Processors (0, 40), (1, 41), (2, 42) and so on have the same core id.

This issue appears specifically when requesting only one tasks with multiple
CPUs:

  * Slurm 20.02.4 allocates CPUs on both sockets of the node which is not what
    we expect, especially when "-m block:block:block" is specified:

  $ srun -A sos@gpu -n 1 -c 10 --gres=gpu:1 --hint=nomultithread -m
  block:block:block ~/binding_mpi.exe
  srun: job 190 queued and waiting for resources
  srun: job 190 has been allocated resources
  Hello from level 1: rank= 0, thread level 1= -1, on r14i6n0. (core affinity
  = 0-4,20-24)

  * Slurm 18.08.8 allocates contiguous CPUs as expected:

  $ srun -A sos@gpu -n 1 -c 10 --gres=gpu:1 --hint=nomultithread -m
  block:block:block ~/binding_mpi.exe
  srun: job 556203 queued and waiting for resources
  srun: job 556203 has been allocated resources
  Hello from level 1: rank= 0, thread level 1= -1, on r14i5n8. (core affinity
  = 0-9)

The issue cannot be reproduced with Slurm 20.02.4 when requesting multiple
tasks:

  $ srun -A sos@gpu -n 2 -c 10 --gres=gpu:1 --hint=nomultithread -m
  block:block:block ~/binding_mpi.exe
  srun: job 194 queued and waiting for resources
  srun: job 194 has been allocated resources
  Hello from level 1: rank= 1, thread level 1= -1, on r14i6n0. (core affinity
  = 10-19)
  Hello from level 1: rank= 0, thread level 1= -1, on r14i6n0. (core affinity
  = 0-9)

In this case, both tasks have been allocated contiguous CPUs and are packed on
one socket as expected.

Comment 1 Marcin Stolarek 2020-10-21 02:34:26 MDT

Am I correct that 20.02 makes use of cons_tres?

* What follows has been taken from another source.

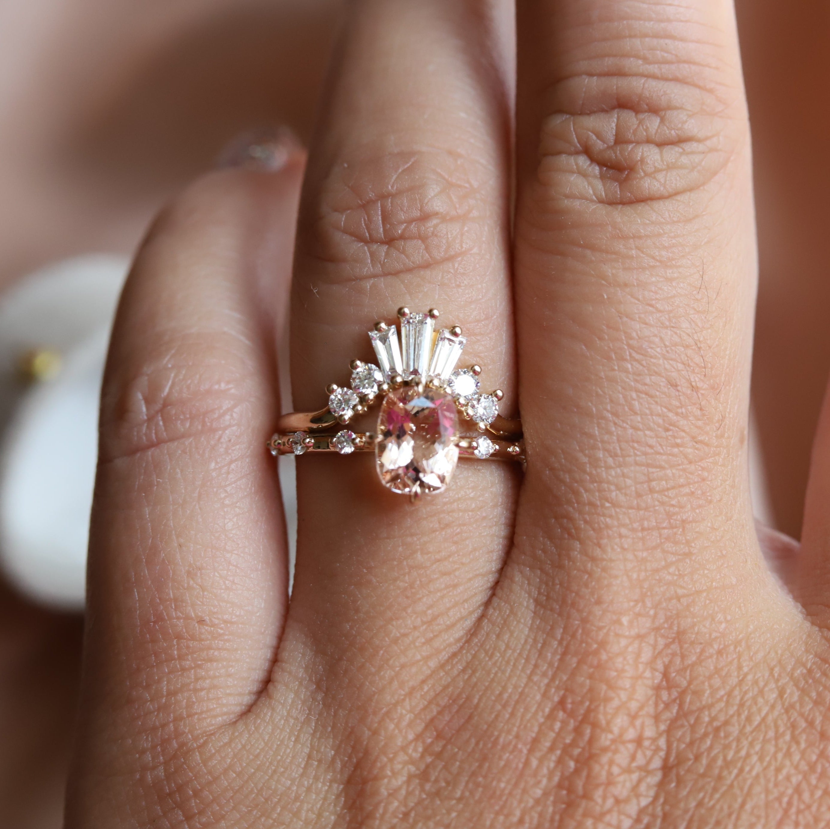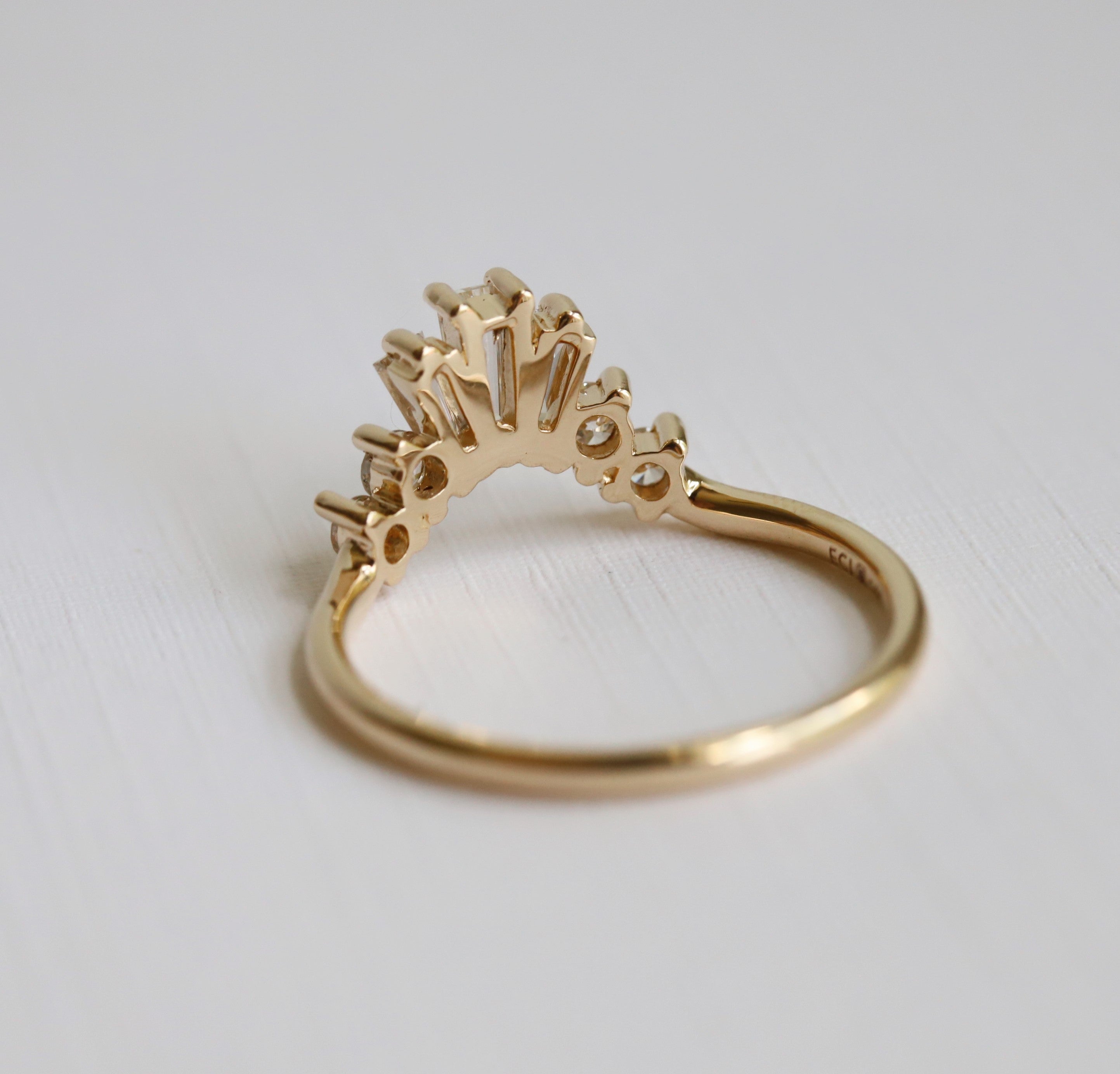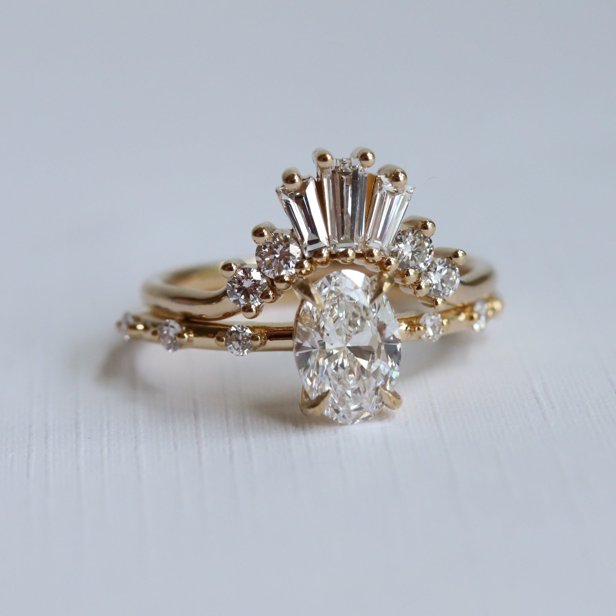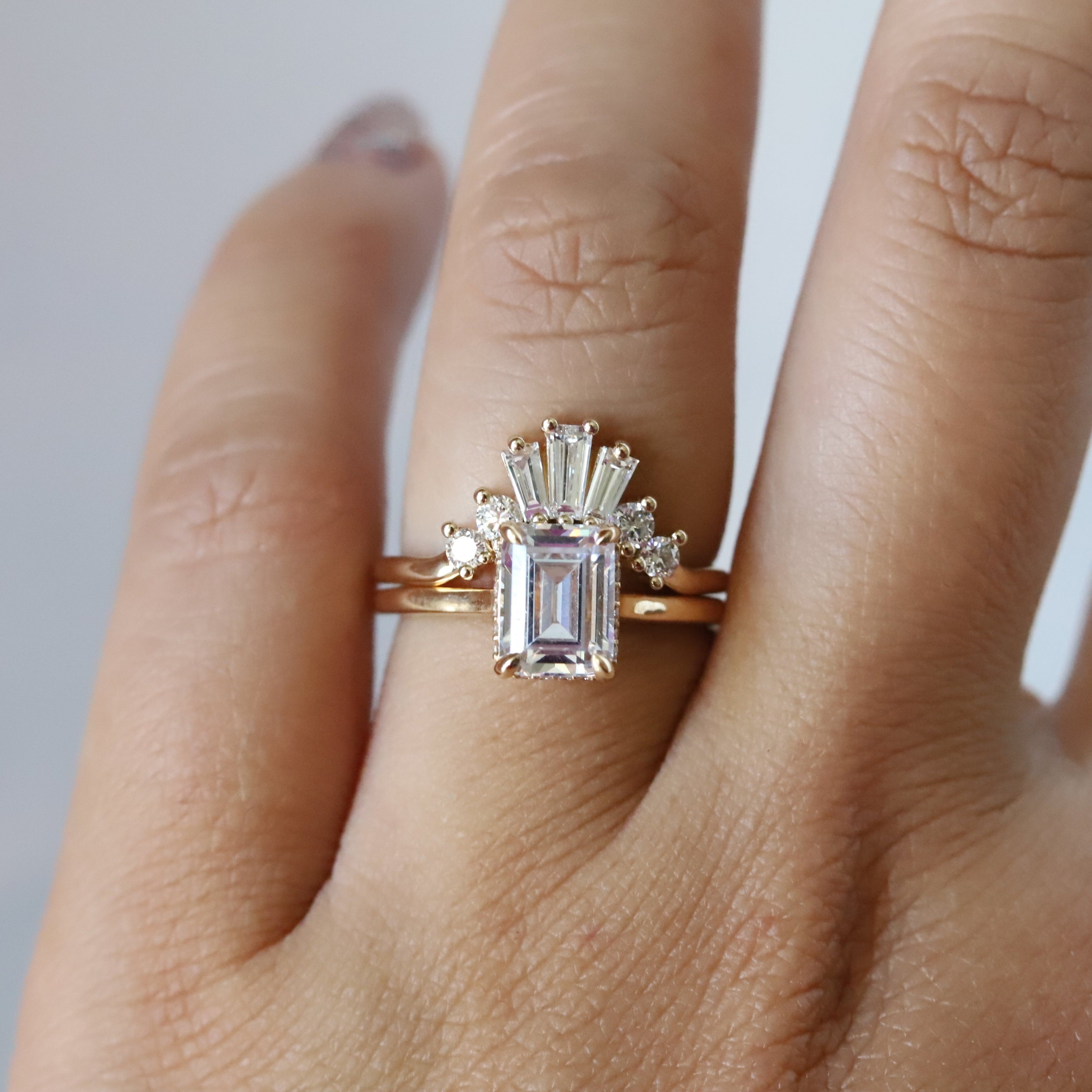 The Empress Crown No.9 is a striking contour band designed to complement substantial center stones of 1.5 carats or larger. Featuring an elegant combination of round and tapered baguette-shaped stones, this statement piece creates a dramatic, layered effect that enhances the brilliance of your focal diamond. The sophisticated architecture of this band makes it an ideal choice for those seeking a bold, coordinated look that elevates any engagement ring setting.

Could you please share your gres.conf?

cheers,
Marcin

Comment 2 IDRIS System Team 2020-10-21 04:19:56 MDT

Yes, you are right, we use cons_tres :

$ scontrol show config | grep cons_tres
SelectType              = select/cons_tres

There is only one line in our gres.conf:

NodeName=r14i6n0 Name=gpu File=/dev/nvidia[0-3]


We just checked on a non-GPU node and we have indeed no problems.

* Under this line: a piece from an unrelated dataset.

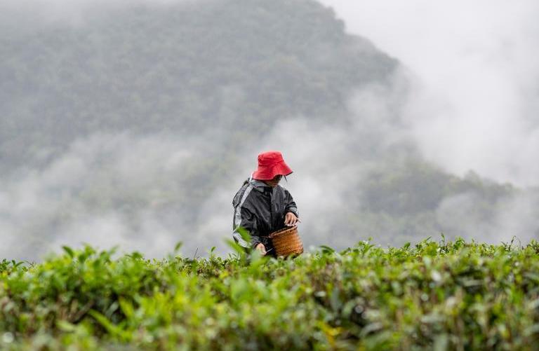 門(mén)巴族姑娘貢桑拉姆正在云霧繚繞的茶園里采摘茶青.[詳細(xì)] -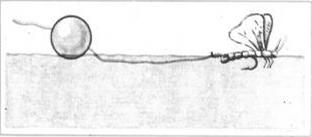 Рис. 1. Оснастка с поплавком-шаром для ужения на насекомых Но порой случается, что рыболов обнаруживает жирующих голавлей случайно, не имея с собой поплавка-шара, а без него насекомое до нужной точки не докинуть. Тогда можно выбрать из имеющихся самый незаметный и неярко окрашенный поплавок, поднять грузик вплотную к нему и отпустить поводок на длину 50–60 см. Иногда помогает, но зачастую голавль настороженно относится к непонятному предмету, плывущему рядом со знакомой пищей, — и отказывается от поклевки. В таком случае остается последний шанс: заменить поплавок куском ветки или обломком сухого стебля тростника, — в общем, одним из тех предметов, что часто плывут по течению, — и попытаться успокоить подозрительного голавля. Крючки применяются достаточно крупные (№ 7 — № 9 по отечественной нумерации), при ловле на бабочек (капустниц и т. д.) их необходимо насаживать 2–3 штуки, чтобы насадка оставалась на плаву, мелких насекомых (бабочек ручейника, например) насаживают до десятка. У насекомых с жестким хитиновым панцирем (кузнечиков, жуков) жало крючка выводят наружу. Жесткие надкрылья иногда обламывают, расправляя мягкие прозрачные крылья. Про леску можно сказать одно: чем она тоньше, тем лучше. Прогресс в деле производства рыболовных снастей, имевший дело в последние два десятилетия, позволяет выводить вполне приличных голавлей на поводке толщиной 0,1–0,12 мм. Но если вдруг удалось заметить крупных рыбин, в 2–3 кг и более (увидеть голавля, держащегося в верхних слоях воды, с высокого места нетрудно), то стоит увеличить диаметр лески. Необходимые условия ловли — тишина и маскировка. Недопустима яркая одежда, к месту ловли желательно подходить под прикрытием кустов и деревьев. Хотя надо отметить, что голавля пугают лишь непривычные звуки и движения. Например, стайки голавлей зачастую кормятся неподалеку от мест купания, ничуть не смущаясь визгом, плеском и прочим бултыханием. Мне доводилось ловить на кузнечика голавлей в яме, расположенной за пешеходным мостом: люди ходили по мосту постоянно, рыбы их, без сомнения, видели, да и тени от пешеходов падали туда, где держались голавли, — однако клеву это не помешало. Правда, экземпляры попадались далеко не рекордные. Итак, осторожно подобравшись к стоянке голавлей, надо аккуратно, без лишнего плеска, закинуть насадку несколько выше по течению, — так, чтобы струя спустя какое-то время вынесла насекомое к месту жировки рыбы. Чтобы поймать крупных голавлей, иногда приходится отпускать насадку далеко, метров на 25–30. Ни кузнечика, ни поплавок-шар на таком расстоянии уже не разглядеть, и ловить приходится вслепую, держа леску внатяг и определяя поклевку по отдающемуся в удилище толчку. Но достигнуть веса в несколько килограммов у голавля в наше время немного, особенно в местах густонаселенных, — и гораздо чаще приходится иметь дело с некрупными голавликами, менее осторожными. Клюют они гораздо ближе к рыболову и поклевка определяется визуально, по бурунчику и исчезновению насекомого. Подсекать надо немедленно, уколовшись о крючок, голавль тут же выплевывает насадку. Повсеместное измельчание голавлей порой приводит к неприятным казусам при поклевке голавля действительно крупного. Иногда очень удобно ловить небольших голавлей, спуская леску вниз с моста или плотины: рыбы весом 300–400 грамм с

(In reply to Marcin Stolarek from comment #1)
> Am I correct that 20.02 makes use of cons_tres?
> 
> Could you please share your gres.conf?
> 
> cheers,
> Marcin

Comment 3 Marcin Stolarek 2020-10-21 07:14:34 MDT

There is a logic in cons_tres spreading job across sockets required by GPU(GRES) devices allocated to job. This logic tries to acomplish two things:
1) Allocate CPUs on the socket closest to allocated GRES.
2) Spread the job across sockets if we have to use more sockets(for instance because of currently running jobs and there was no request to enforce-binding) and not all GRES used - to allow other jobs running on the closest socket, potentially using the remaning GRES.

In your configuration (gres.conf) doesn't have closest socket (Cores= option) so all sockets are marked as required and the job gets spreaded across required sockets.

If you'll change the config to:
>NodeName=r14i6n0 Name=gpu File=/dev/nvidia[0-1] Cores=0-19
>NodeName=r14i6n0 Name=gpu File=/dev/nvidia[2-3] Cores=20-39

You should get all CPUs on the same socket. Is there any reason why you decided to skip Cores in gres.conf?
I'll have to look closer into the code to understand if this should be treated as a bug or documented as cons_tres specific behavior in rigards to -m application to job allocation.

cheers,
Marcin

Comment 4 IDRIS System Team 2020-10-21 10:34:24 MDT

We changed our configuration and the CPU binding is now good. Thanks!

The gres configuration comes from our production version (v18.08) where we never succeeded to configure the CPU/GPU affinity. That's why the Cores parameter was missing in the file.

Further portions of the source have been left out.